Saturday 28 Dec 2024
By
main news image

KUALA LUMPUR (Aug 23): Sime Darby Plantation Bhd (SDP), whose quarterly earnings grew 31.6% year-on-year (y-o-y) to RM812 million in the second quarter ended June 30, risks losing an estimated 1.2 million tonnes of unharvested Fresh Fruit Bunch (FFB) and loose fruits a year if the shortage of labour continues.

The plantation group declared an interim dividend of 10 sen per share to be paid on Nov 18.

The group’s managing director Mohamad Helmy Othman Basha said:“We are short of 4,000 harvesters right now. The shortage is actually lower in January. But we have been losing workers because they want to go back and so on.

“On average one harvester harvests about one tonne (of FFB) a day and there are 300 working days in a year. A simple calculation would be one tonne a day with 4,000 people short. In a whole year we are looking at 1.2 million (tonnes) in losses,” said Mohammad Helmy during a virtual press conference on SDP's second quarter financial result in financial year 2022.

He added, approximately 60,000 hectares of total planted area are affected due to shortage of workers.

Currently, SDP has 240,000ha mature hectares while the workforce shortage represents 38% against a total requirement of 11,159 harvesters.

He added that even with the arrival of the new workers, it may not be enough to meet the needs of the second half 2022 peak harvest period which is in October and November.
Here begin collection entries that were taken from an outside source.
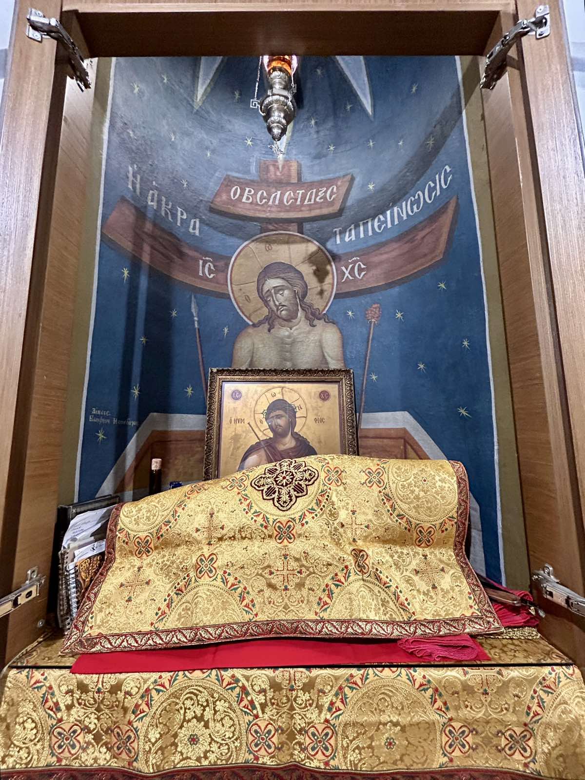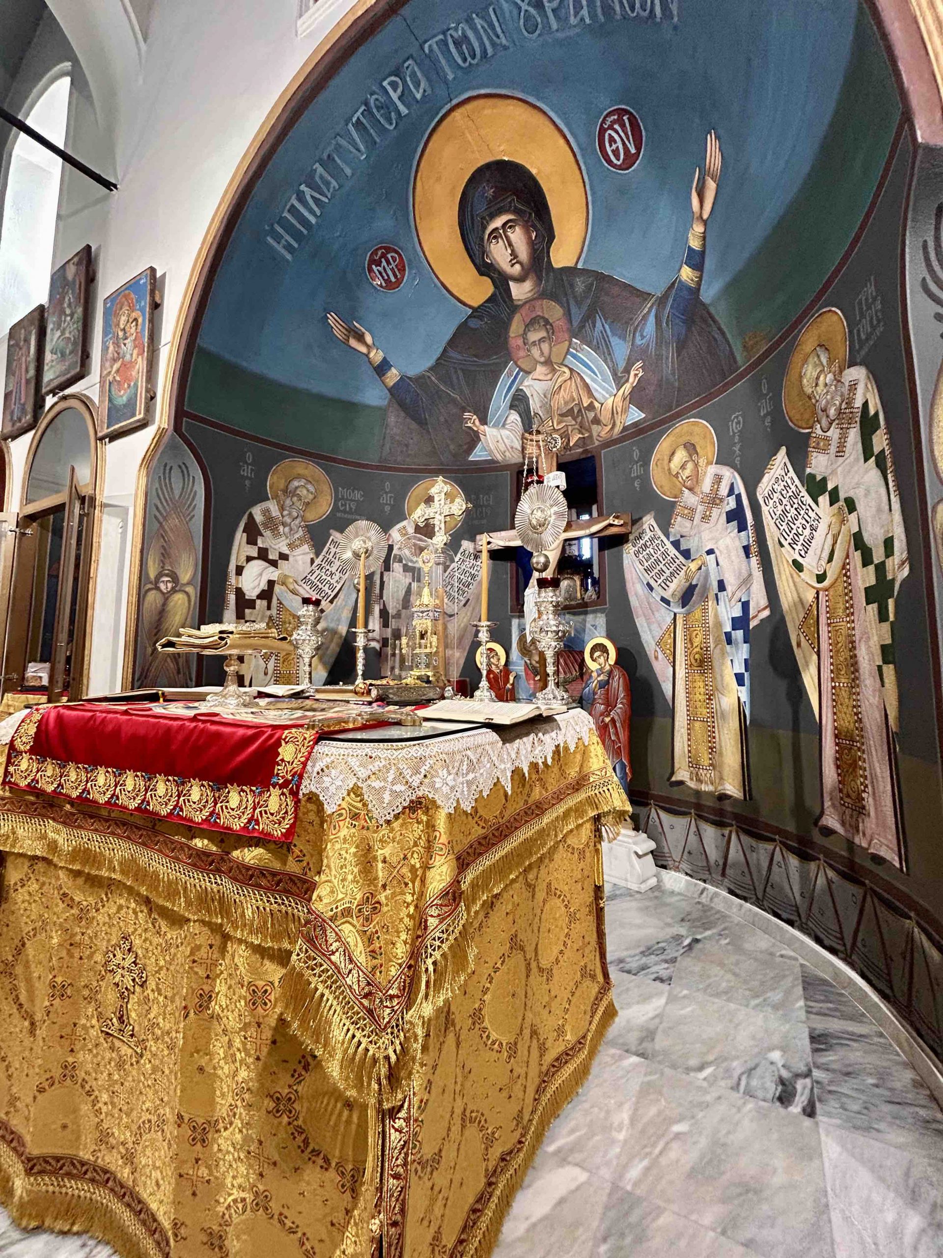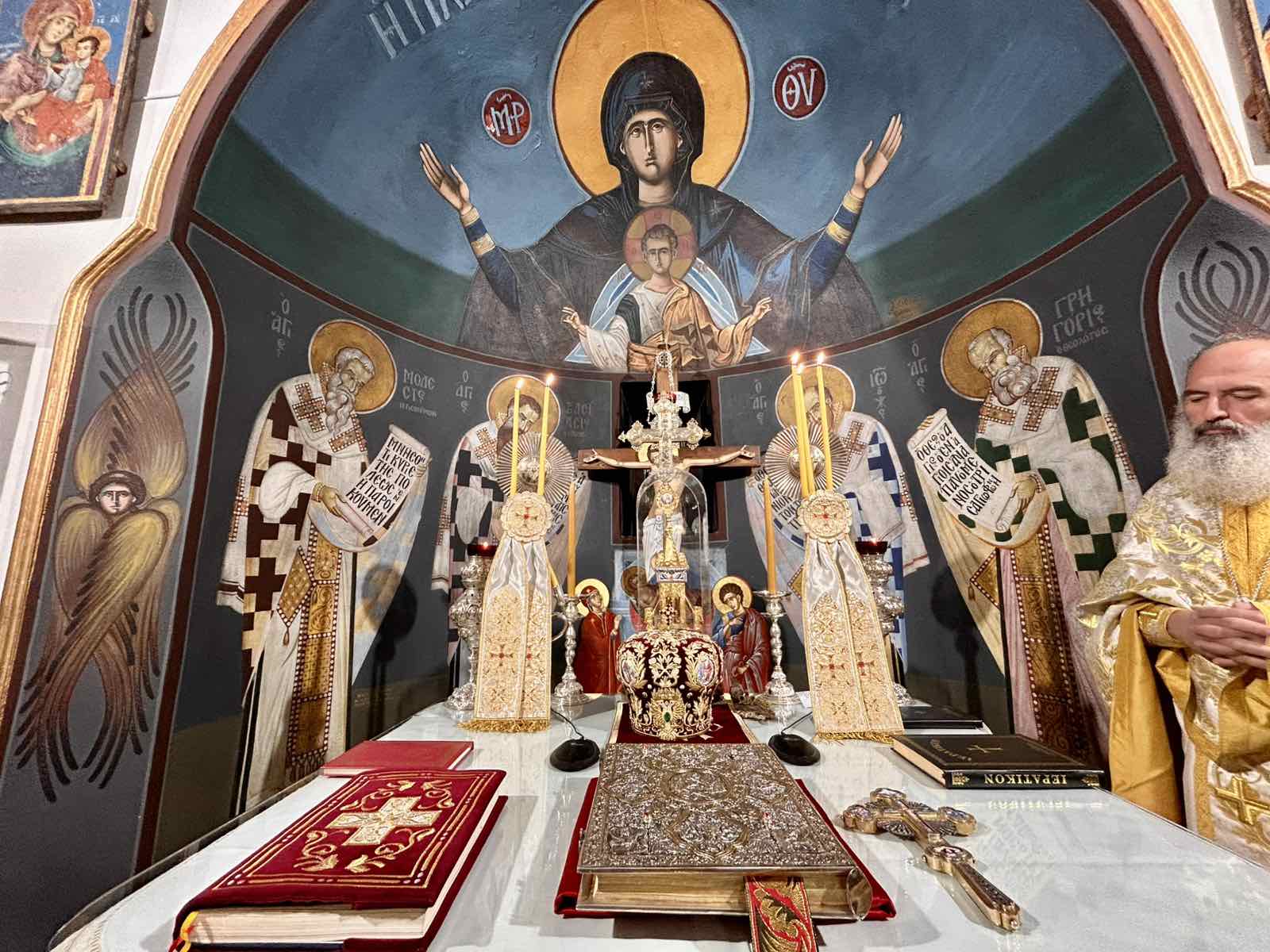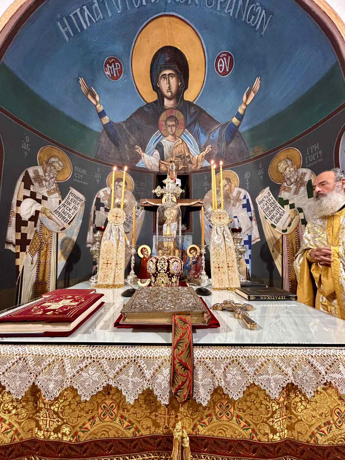 Στο τέλος της Θείας Λειτουργίας, ο Σεβασμιώτατος καλωσόρισε τους προσκυνητές από την Κάρπαθο και έκανε μνεία ειδική στον Ηγούμενο της Μονής της Καρπάθου Αρχιμ. Καλλίνικο Μαυρολέοντα, που προσφέρει τα μέγιστα και στην εκπαίδευση των παιδιών, ως Δάσκαλος, με τον οποίον συνδέονται παλαιόθεν. Ο επικεφαλής δε των προσκυνητών, π. Μιχαήλ, προσέφερε στον Σεβασμιώτατο αντίγραφο της Ιεράς και Θαυματουργού Εικόνος της Παναγίας του Βράχου από την Κάρπαθο.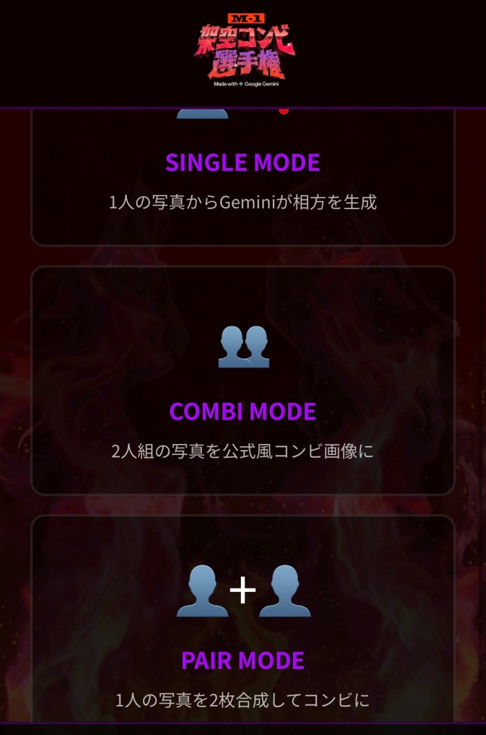 「SINGLE(1人の写真からAIが相方を生成)」「COMBI(2人組の写真を公式風コンビ画像に)」「PAIR(1人の写真を2枚合成してコンビに)」を選ぶ。
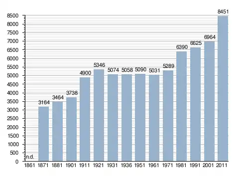 Станом на 31 грудня 2014 року в муніципалітеті офіційно проживало 1545 іноземців з 44 країн, серед них 781 громадянин країн Євросоюзу та 32 громадяни України.[4]

“The workers will come in stages. They need some lead time to become skilled harvesters. But at least they can cover a small portion of the shortages we are facing now. But they can’t fully cover the needs of the harvesting activities.

“At the same time existing workers are also leaving and we are trying to incentivise them to stay longer with us to cover the lack of manpower in the plantations during the peak crop period,” he added.

He added that although the group is actively involved in recruiting locals to plug the gap in the workers supply, they are mostly hired for other general works and not for labour-intensive harvesting work.

The longer the FFB and loose fruits are left unharvested the more it will be affect the Oil Extraction Rate (OER).

“The shortage of harvesters also leads to extended harvesting intervals, resulting in high off-spec quality bunches and loose fruits affecting OER,” he added.

SDP’s OER fell slightly to 21.26% in 2Q22 compared with 21.63% in 2Q21.

Quarterly revenue soars to RM5.59 billion

For 2Q21 ended June 30 2022, SDP’s net profit rose 31.6% year-on-year (y-o-y) to RM812 million from RM617 million, driven by its upstream and downstream segments and non-recurring activities.

In a Bursa Malaysia filing on Tuesday, the plantation group said revenue for the quarter rose to RM5.59 billion from RM4.41 billion earlier.

Earnings per share was 11.7 sen against nine sen previously.

For the six months ended June 30, SDP said its net profit increased to RM1.53 billion from RM1.18 billion a year prior, on the back of revenue of RM9.97 billion versus RM8.08 billion previously.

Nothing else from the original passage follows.